Multiple sequence alignments and Phylogenetic analysis of Spike gene
Multiple sequence alignments (MSA) of the three Spike gene sequences datasets were conducted following the general schema of MSA-PAD 2.0 [33,34] with modified features accounting for the occurrence of unassigned nucleotides characters “N”. In details, all DNA sequences of the three datasets (XBB*, EG*, BA*) were translated into amino acids using the universal genetic code and all six open reading frames. Using hmmsearch algorithm (HMMer 3.3 package), the amino acid sequences were searched against the Spike gene reference HMM profile generated in the previous step to annotate the relevant Spike region in genome sequences. The extracted amino acid Spike gene sequences were then aligned by hmmalign (HMMer 3.3 package) against the Wuhan-Hu-1 Spike gene reference. Amino acid multiple sequence alignments were then back-aligned into nucleotide multiple alignments using ad hoc python script (for more details see [33,34]) and used for selection pressure analysis (see section 5.5 – selection pressure analysis). To draw the evolutionary relationship between the SARS-CoV-2 variants under investigation and their reference, a single amino acid MSA was constructed by joining all the datasets described above. This MSA included either the representative reference sequences of the past variants and those relative to the retrieved sequences used in this study. In addition, to account for the excessive computational capacity needed in phylogeny construction, the number of sequences in the MSA was reduced to a minimum set of 685 where each retained sequence contains at least one amino acid substitution site compared to Wuhan-Hu-1 reference. In such way all amino acid substitutions were represented in the final MSA subset at least once.

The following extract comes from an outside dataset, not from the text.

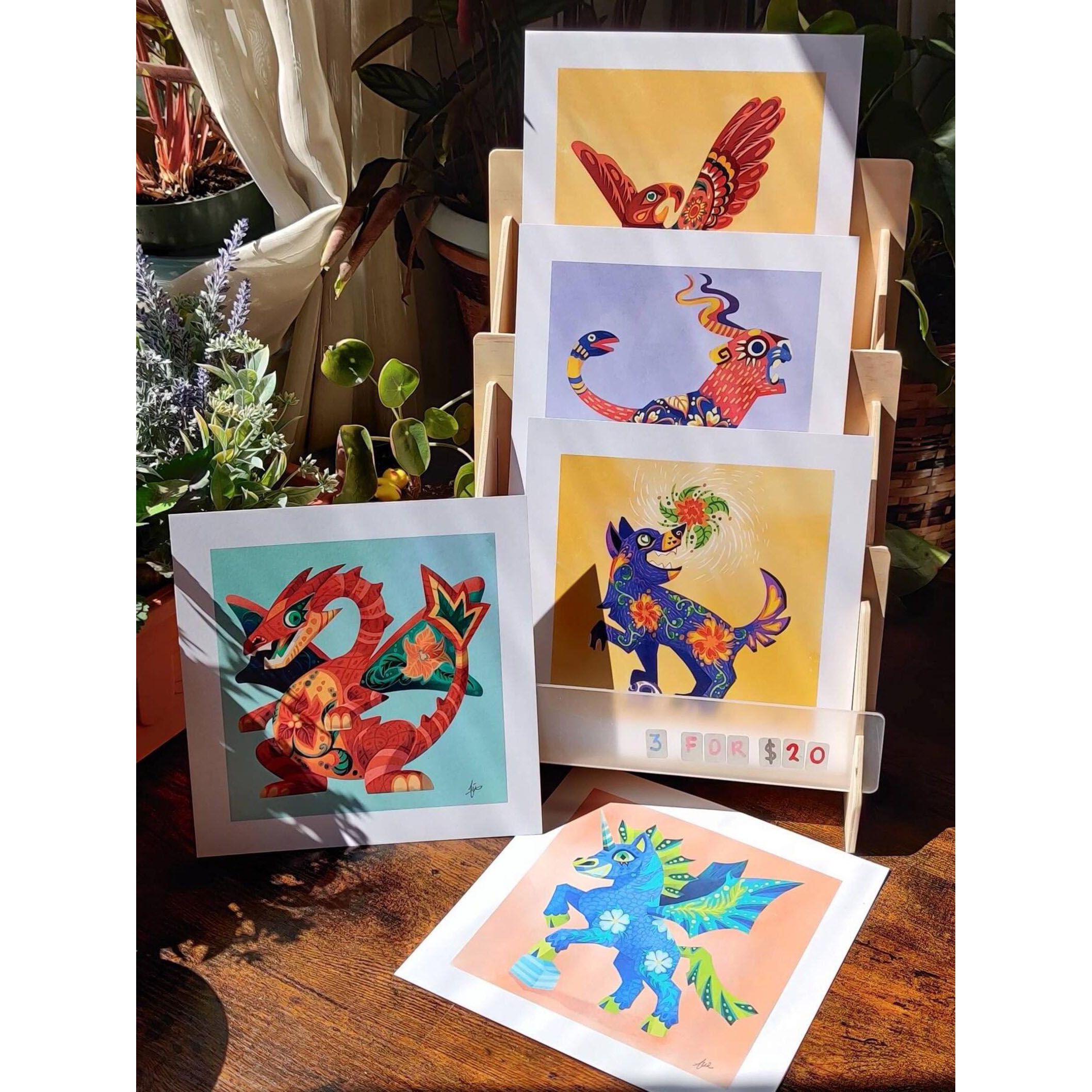 Magical Reveries sells her magical fantasy art. She is a fantasy illustrator who sells prints, stickers, originals, sculptures of baby dragons, 3d printed items that are her original designs, bookmarks, colouring books and more all hand made by her!

Phylogenetic relationship among variants was inferred using the Maximum Likelihood method and the HIVw+F+I+G4 evolutionary model as implemented in IQTREE package [35]. The best evolutionary model was selected among 168 amino acid sequence evolutionary models tested with model finder algorithm available from IQTREE. Node supports were obtained from non- parametric ultrafast bootstrap [36] analysis with 1000 replicates while branch lengths were optimized using the NNI algorithm. The consensus phylogenetic tree was edited using iTOL web service [37] where clades representing the same variants (except for XBB* and EG*) were collapsed manually to improve tree rendering and interpretation.
Amino acid substitutions, indels and their frequencies
The SARS-CoV-2 reference sequence Wuhan-Hu-1 (NC_045512.2) was used as reference for all individual datasets, including previous variants, to call the amino acid substitutions, deletions and insertions (indels). Their frequencies (%) were calculated based on the number of sequences of the same variant/lineage. This was achieved using ad hoc python script including standardized functions able to extract the mutational pattern either from single or multiple variants.

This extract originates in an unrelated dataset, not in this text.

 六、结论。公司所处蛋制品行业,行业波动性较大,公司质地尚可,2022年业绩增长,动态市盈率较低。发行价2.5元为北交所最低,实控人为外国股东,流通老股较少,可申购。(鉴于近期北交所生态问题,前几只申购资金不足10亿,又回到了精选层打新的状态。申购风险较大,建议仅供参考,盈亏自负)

Selection pressure analysis
To investigate the SARS-CoV-2 positively and negatively selected sites, selection pressure analysis was performed separately on the Spike gene nucleotide MSAs generated previously for XBB*, EG* and BA*. A positive diversifying selection was inferred on sites statistically significant for a value of non- synonymous/synonymous substitution ω > 1, while negative selection was inferred for ω < 1 [38]. On the contrary, neutrality was inferred if ω = 1 [38].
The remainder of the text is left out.